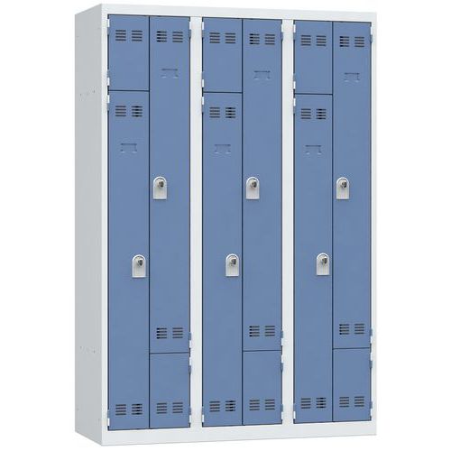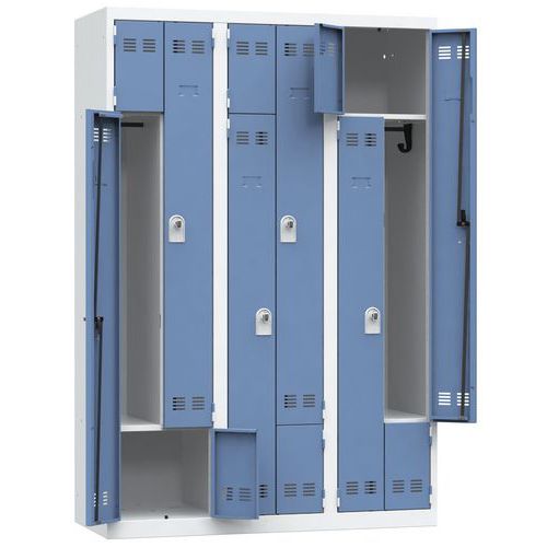 Armadietto a L a ingombro ridotto da 1 a 3 colonne. Consente a ogni utente di beneficiare di uno scomparto e di un appendiabiti. Lo spazio di sistemazione è utilizzabile al massimo della capacità. Consigli di sicurezza: - Installare il mobile su una superficie piana - Fissarlo a un muro o a una parete divisoria con dispositivi di fissaggio appropriati - Prestare attenzione a non superare il carico massimo consigliato e a ripartirlo adeguatamente
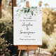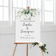 Capturing Love: Wedding Welcome Sign with Elegant Black Calligraphy and Greenery
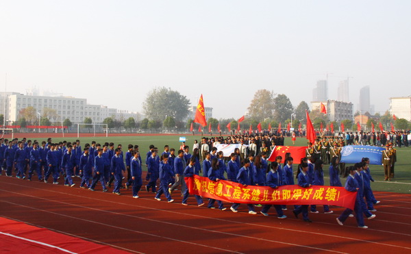 精彩亮相开幕式,信息方阵赢喝彩。8时整,开幕式正式开始。在引人注目的运动员入场仪式上,信息工程系方阵运动员身着整齐的服装,伴随着响亮的口号,迈着坚定的步伐走向主席台。他们个个充满自信,斗志昂扬,走出了信息人的青春风采,赢得场上观众的欢呼声和掌声。

----

Your goal. Pictures aside, give the data again exactly as it appears.

Result of this exercise.
 Armadietto a L a ingombro ridotto da 1 a 3 colonne. Consente a ogni utente di beneficiare di uno scomparto e di un appendiabiti. Lo spazio di sistemazione è utilizzabile al massimo della capacità. Consigli di sicurezza: - Installare il mobile su una superficie piana - Fissarlo a un muro o a una parete divisoria con dispositivi di fissaggio appropriati - Prestare attenzione a non superare il carico massimo consigliato e a ripartirlo adeguatamente
 Capturing Love: Wedding Welcome Sign with Elegant Black Calligraphy and Greenery
 精彩亮相开幕式,信息方阵赢喝彩。8时整,开幕式正式开始。在引人注目的运动员入场仪式上,信息工程系方阵运动员身着整齐的服装,伴随着响亮的口号,迈着坚定的步伐走向主席台。他们个个充满自信,斗志昂扬,走出了信息人的青春风采,赢得场上观众的欢呼声和掌声。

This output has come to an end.